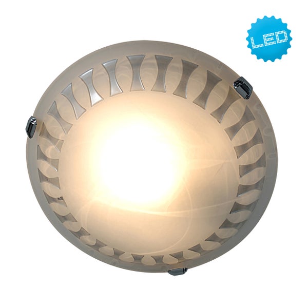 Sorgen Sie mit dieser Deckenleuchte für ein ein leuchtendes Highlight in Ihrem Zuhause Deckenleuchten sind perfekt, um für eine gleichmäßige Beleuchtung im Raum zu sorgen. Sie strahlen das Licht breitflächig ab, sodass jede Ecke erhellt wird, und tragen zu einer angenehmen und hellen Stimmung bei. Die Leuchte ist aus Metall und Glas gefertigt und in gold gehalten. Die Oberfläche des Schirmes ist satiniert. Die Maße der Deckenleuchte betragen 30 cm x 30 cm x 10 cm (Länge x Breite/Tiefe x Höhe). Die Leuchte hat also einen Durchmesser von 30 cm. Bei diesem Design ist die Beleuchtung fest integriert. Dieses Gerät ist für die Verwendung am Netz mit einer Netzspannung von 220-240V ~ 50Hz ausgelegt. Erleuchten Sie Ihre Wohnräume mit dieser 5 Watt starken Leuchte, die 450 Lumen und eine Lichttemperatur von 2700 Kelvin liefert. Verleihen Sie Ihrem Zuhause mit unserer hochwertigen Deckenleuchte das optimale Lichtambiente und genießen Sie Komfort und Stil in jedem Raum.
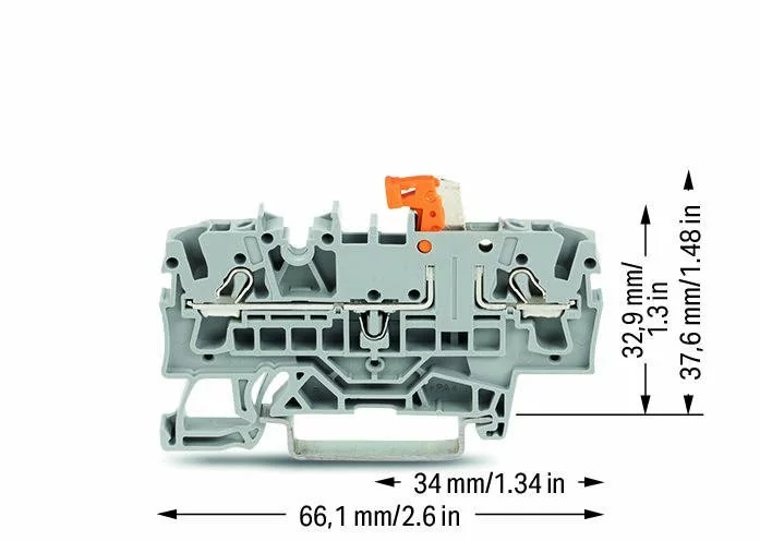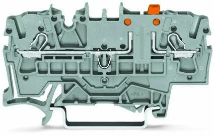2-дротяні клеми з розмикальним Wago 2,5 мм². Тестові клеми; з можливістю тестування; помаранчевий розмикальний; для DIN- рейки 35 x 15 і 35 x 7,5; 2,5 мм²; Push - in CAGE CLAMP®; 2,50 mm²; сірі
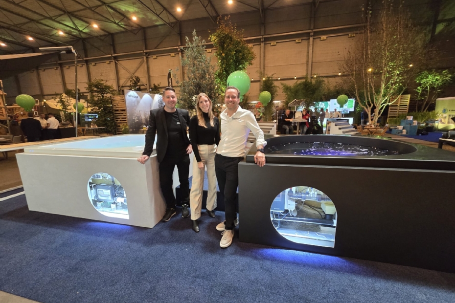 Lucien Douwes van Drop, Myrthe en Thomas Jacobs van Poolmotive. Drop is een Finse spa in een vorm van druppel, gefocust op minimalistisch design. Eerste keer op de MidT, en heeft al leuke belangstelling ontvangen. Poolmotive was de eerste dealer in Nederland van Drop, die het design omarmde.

**WORK INSTRUCTIONS:**
Starting at the line that holds "2-дротяні клеми з" and stopping at the last line of the listing above, write out each line exactly as it appears, and omit the pictures.

**OUTPUT:**
2-дротяні клеми з розмикальним Wago 2,5 мм². Тестові клеми; з можливістю тестування; помаранчевий розмикальний; для DIN- рейки 35 x 15 і 35 x 7,5; 2,5 мм²; Push - in CAGE CLAMP®; 2,50 mm²; сірі
 Lucien Douwes van Drop, Myrthe en Thomas Jacobs van Poolmotive. Drop is een Finse spa in een vorm van druppel, gefocust op minimalistisch design. Eerste keer op de MidT, en heeft al leuke belangstelling ontvangen. Poolmotive was de eerste dealer in Nederland van Drop, die het design omarmde.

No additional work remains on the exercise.